You need to create your query (your list of ENTREZ ids). To see which filters you can query:

filters = listFilters(ensembl)

And then you want to retrieve attributes : your GO number and description. To see the list of available attributes

attributes = listAttributes(ensembl)

For you, the query would look like something as:

goids = getBM(

        #you want entrezgene so you know which is what, the GO ID and
        # name_1006 is actually the identifier of 'Go term name'
        attributes=c('entrezgene','go_id', 'name_1006'), 

        filters='entrezgene', 
        values=gene_list$ENTREZID, 
        mart=ensembl)

The query itself can take a while.

Then you can always collapse the information in two columns (but I won't recommend it for anything else that reporting purposes).
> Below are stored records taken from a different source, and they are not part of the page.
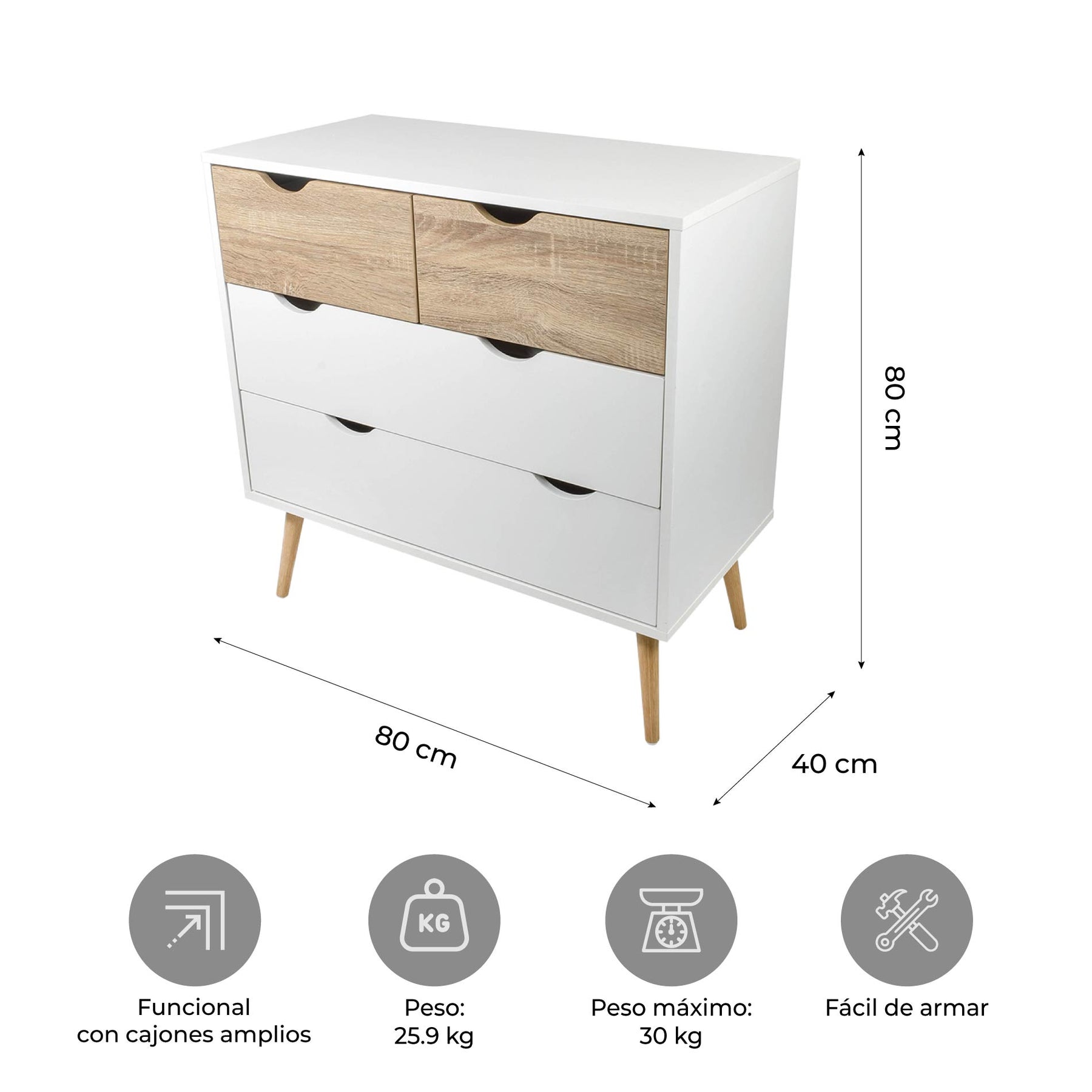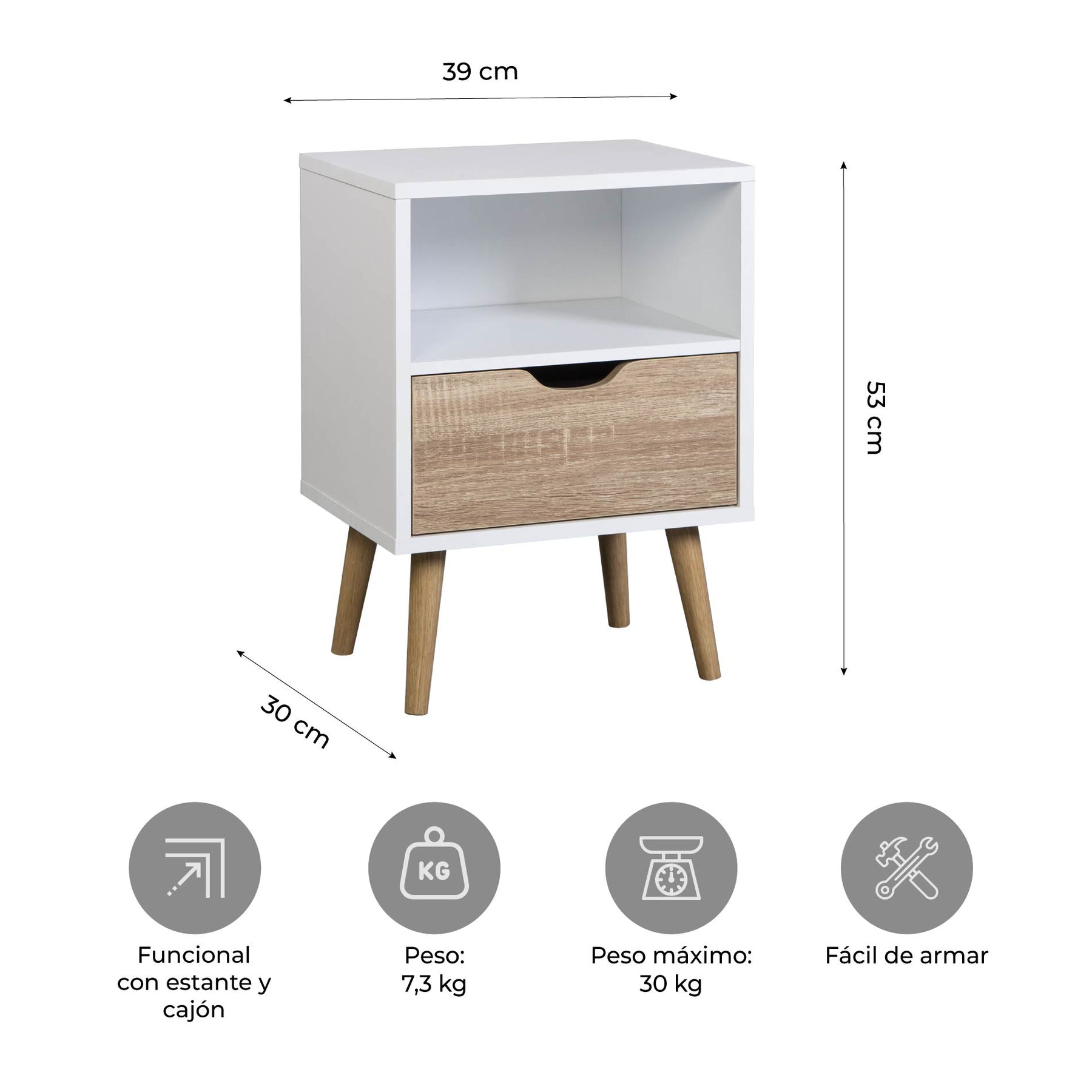 Peso máximo soportado: superficie 30 kg, estante 10kg y cajón 5 kg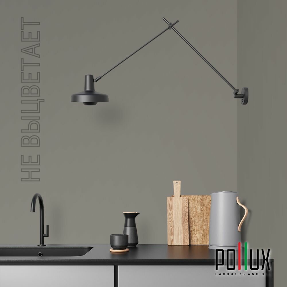 Краска моющаяся интерьерная для стен и потолков, Pollux INTERIOR без запаха, быстросохнущая, акриловая, матовое покрытие, цвет NCS S 7020-Y, 1л.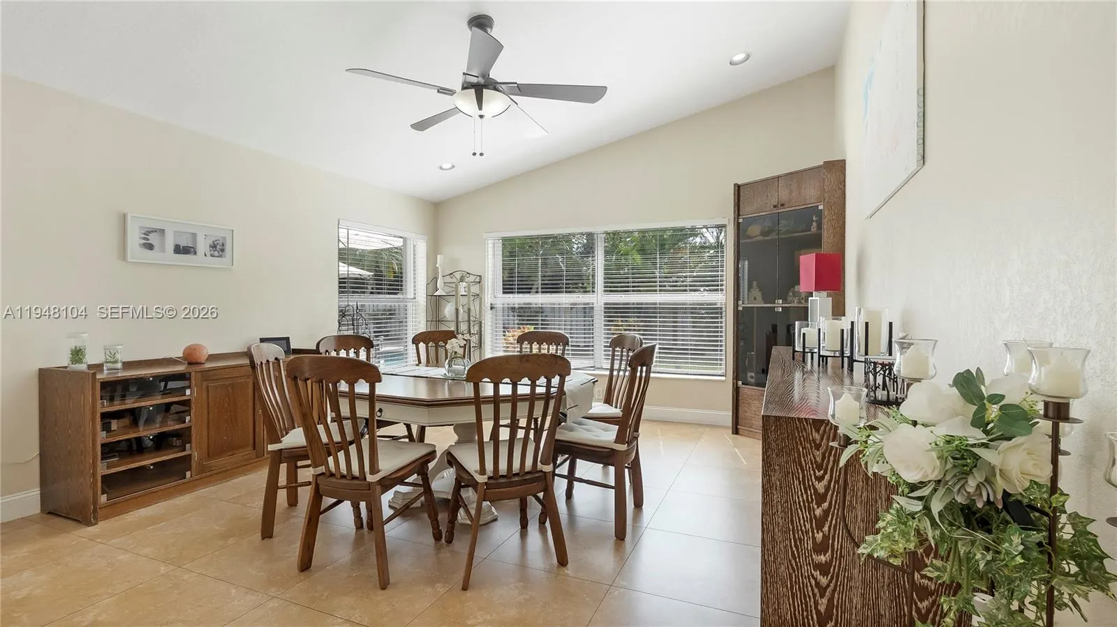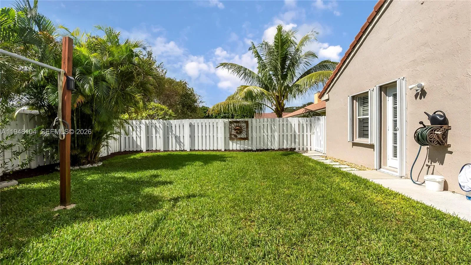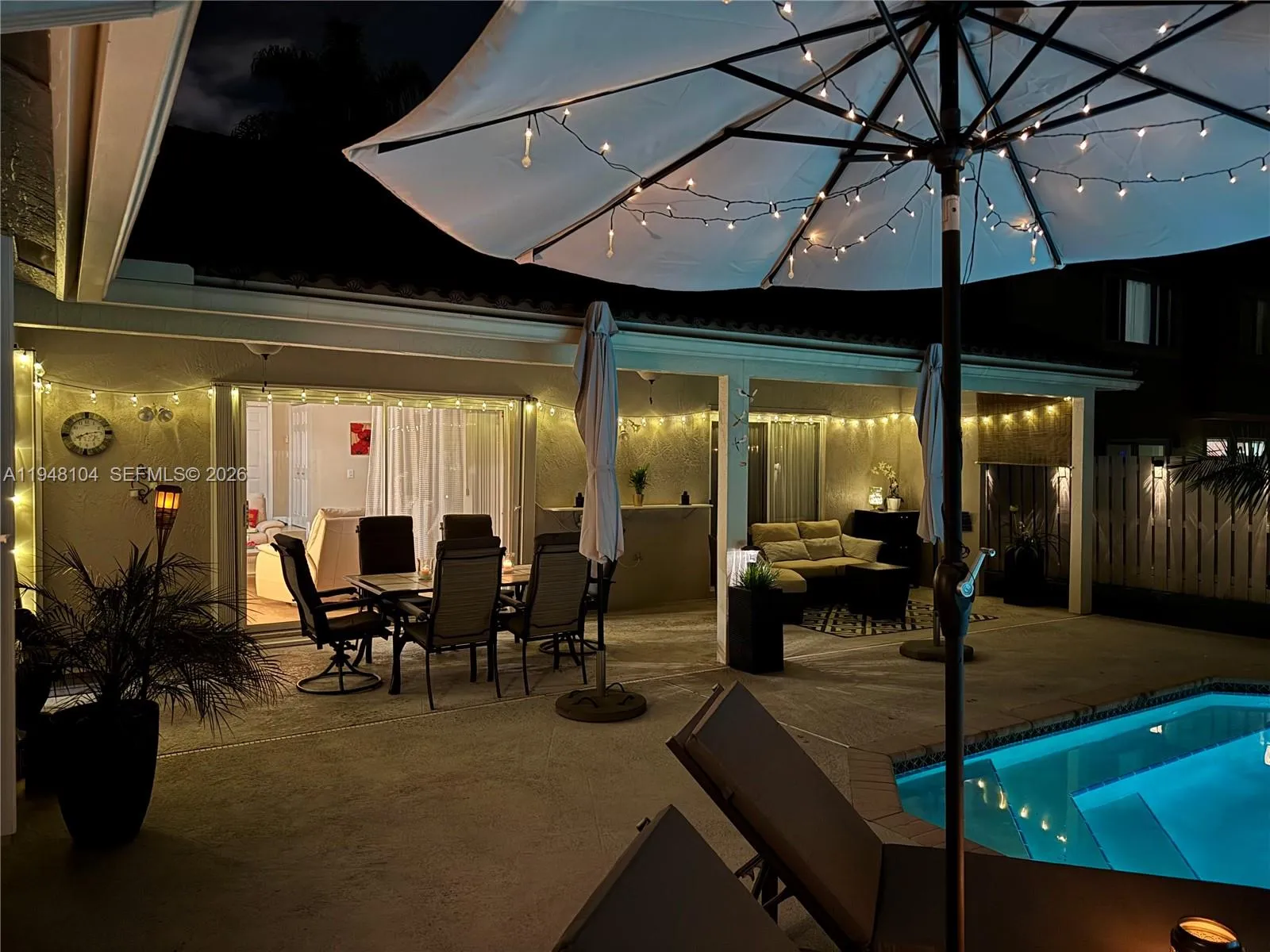 LOVINGLY MAINTAINED 4-bedroom, 2.5-bath home that has been lived in with pride and care. This warm and welcoming residence is where memories were made and children were raised. Located in THE ESTATES at the RESIDENCES OF SAWGRASS. A neighborhood of estate-style, private homes. rnENTERTAIN IN STYLE in the oversized POOL AREA, designed for fun, relaxation, and unforgettable gatherings. Enjoy a HUGE COVERED PATIO AREA perfect for lounging, dining, or hosting year-round, plus extra grassy space ideal for play, pets, or outdoor games. This backyard offers the perfect blend of comfort, space, and resort-style living.rnThe living areas feature elegant 24×24 tile flooring, while the bedrooms offer wood parquet floors and walk-in closets with custom built-ins. ZEBRA BLINDS, NO POPCORN ceilings throughout. Exterior painted in 2023. Equipped with a portable generator connection, NEW POOL PUMP, NEW HEATER and A NEW SPRINKLER TIMER. Multiple sheds and covered storage areas in backyard, Garage is AIR CONDITIONED. The complete accordion shutters provide excellent hurricane protection.rnRoof 2005, AC 2016, WH 2021.rnSpacious laundry room with washer and dryer with built-in drawers. Located in a great neighborhood with convenient access to major highways, Sawgrass Mills Mall, restaurants, and schools. Furniture can convey with exceptions.rnLow HOA fee, Big backyard vibes, Endless Entertaining— PLUS seller open to concessions. Don’t miss this one!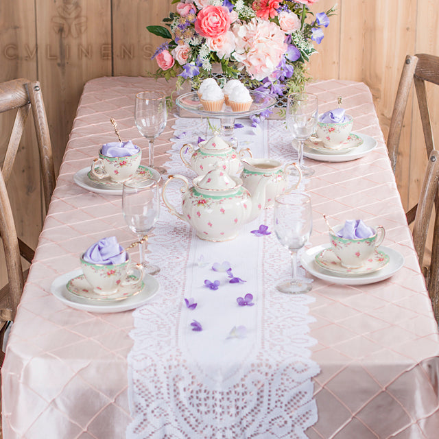 Don't forget to take a look at additional items in our Lace and Crochet Lace line including table runners, fabric rolls and bolts, chair bands, and table overlays.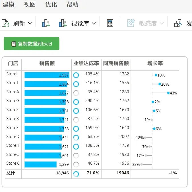 把包含HTML表格、Javascript的完整度量值放入HTML Content视觉对象。与内置视觉对象结合显示,引导用户点击该HTML按钮复制数据,而不是使用...中的导出功能。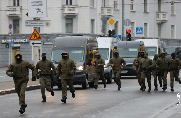Полицијата патролираше низ улиците на Минск со кучиња и распореди голем број водени топови.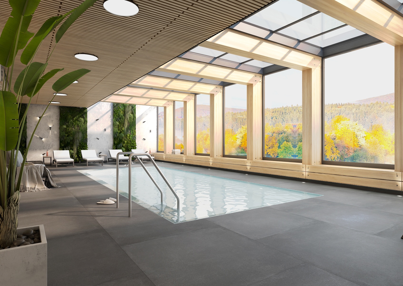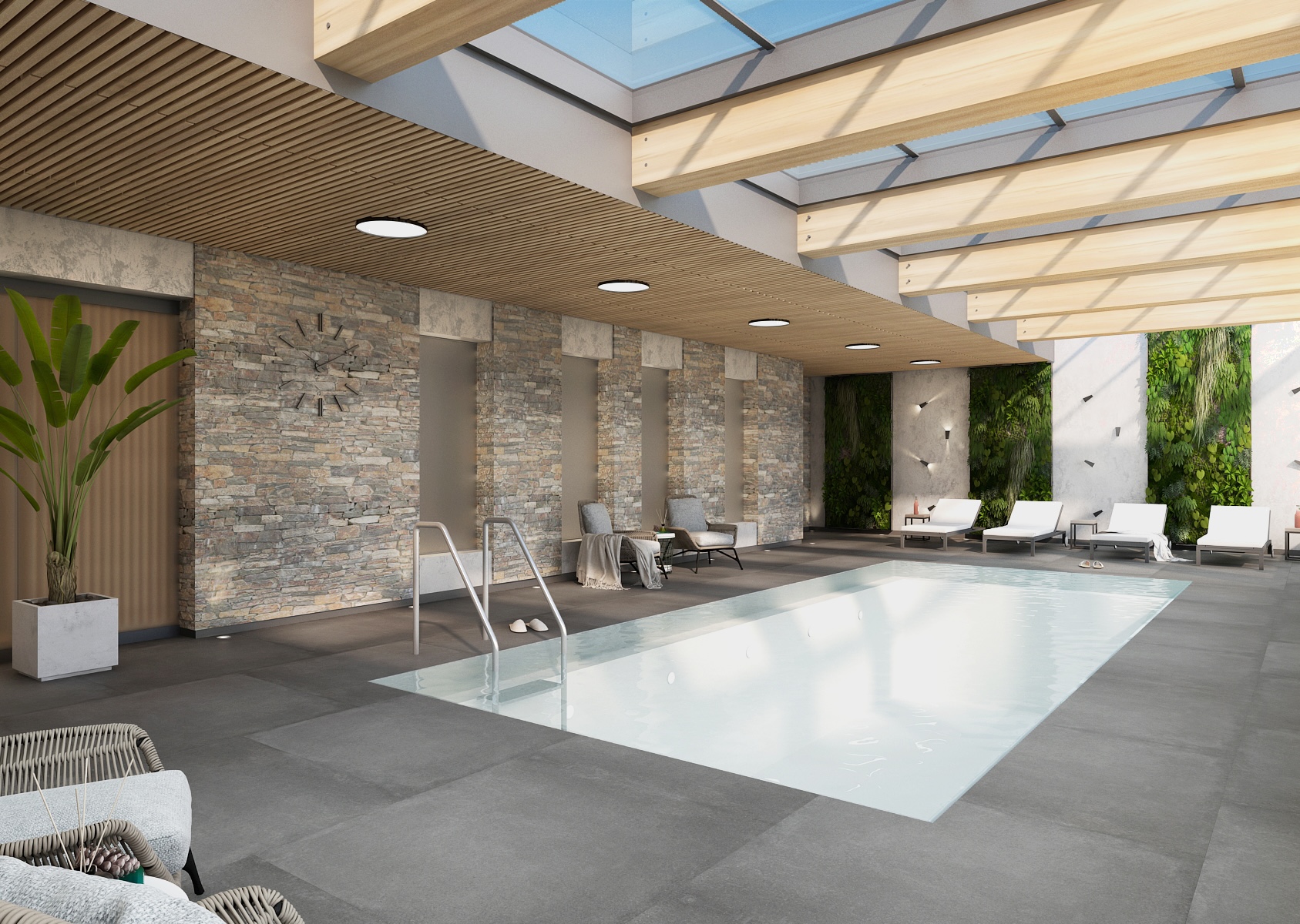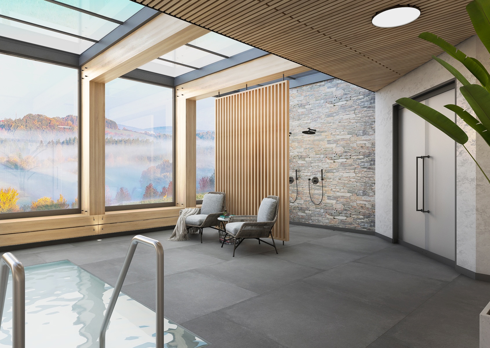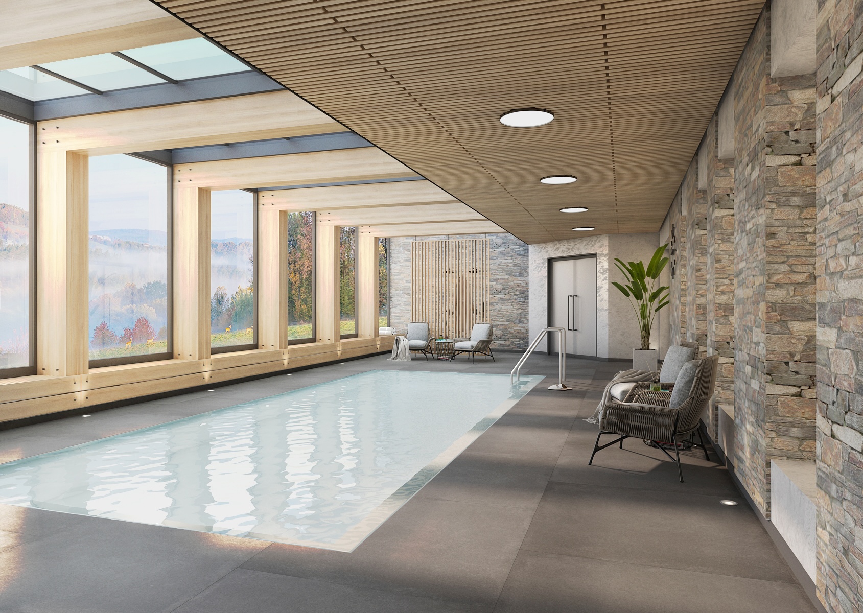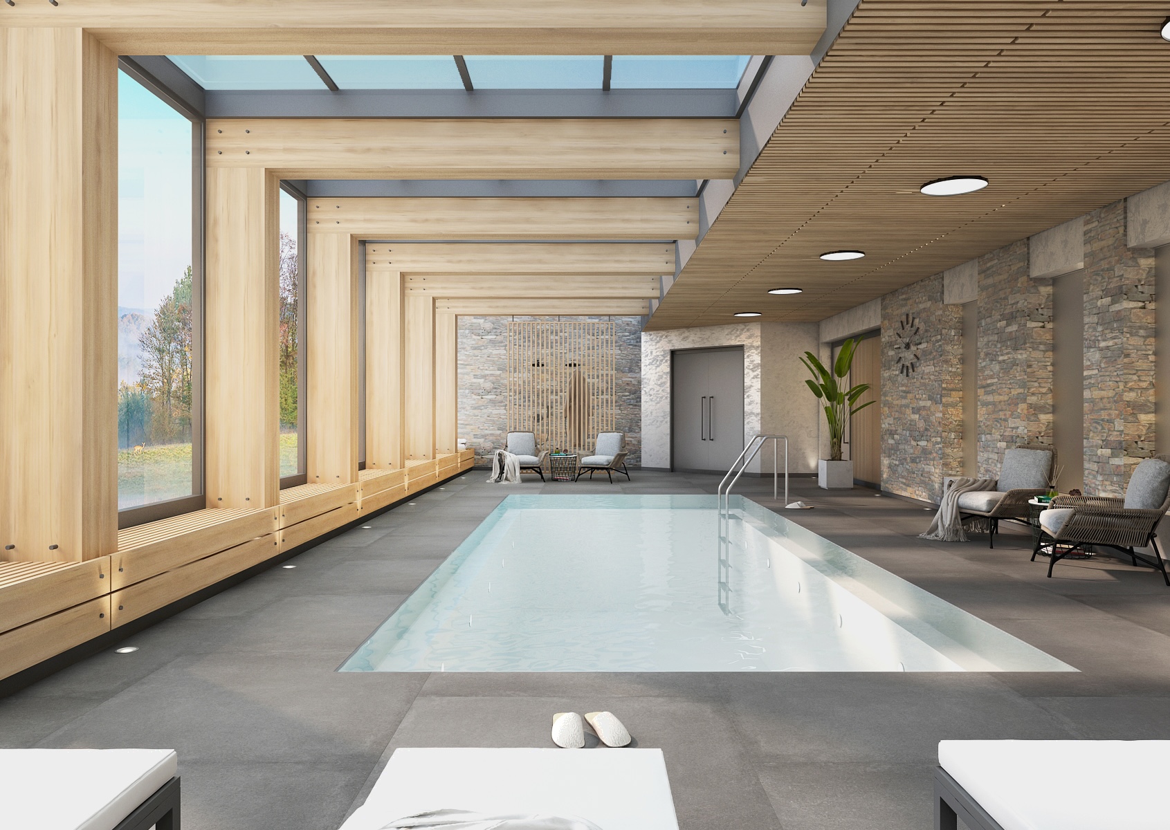 Hlavní relaxační zóně dominuje krytý bazén obklopený dřevěnou konstrukcí a velkoformátovými okny, které přivádějí do prostoru dostatek přirozeného světla. Kombinace světlého dřeva, šedé dlažby a kamenných akcentů vytváří vyvážený a harmonický celek.

Go.collapsed<-Reduce(rbind,lapply(gene_list$ENTREZID,function(x)
                           tempo<-goids[goids$entrezgene==x,]
                           return(
                                   data.frame('ENTREZGENE'= x,
                                  'Go.ID'= paste(tempo$go_id,collapse=' ; '),
                                  'GO.term'=paste(tempo$name_1006,collapse=' ; '))
)


Edit:

If you want to query a past version of the ensembl database:

ens82<-useMart(host='sep2015.archive.ensembl.org',
               biomart='ENSEMBL_MART_ENSEMBL',
               dataset='hsapiens_gene_ensembl')

and then the query would be:

goids = getBM(attributes=c('entrezgene','go_id', 'name_1006'),  
        filters='entrezgene',values=gene_list$ENTREZID, 
        mart=ens82)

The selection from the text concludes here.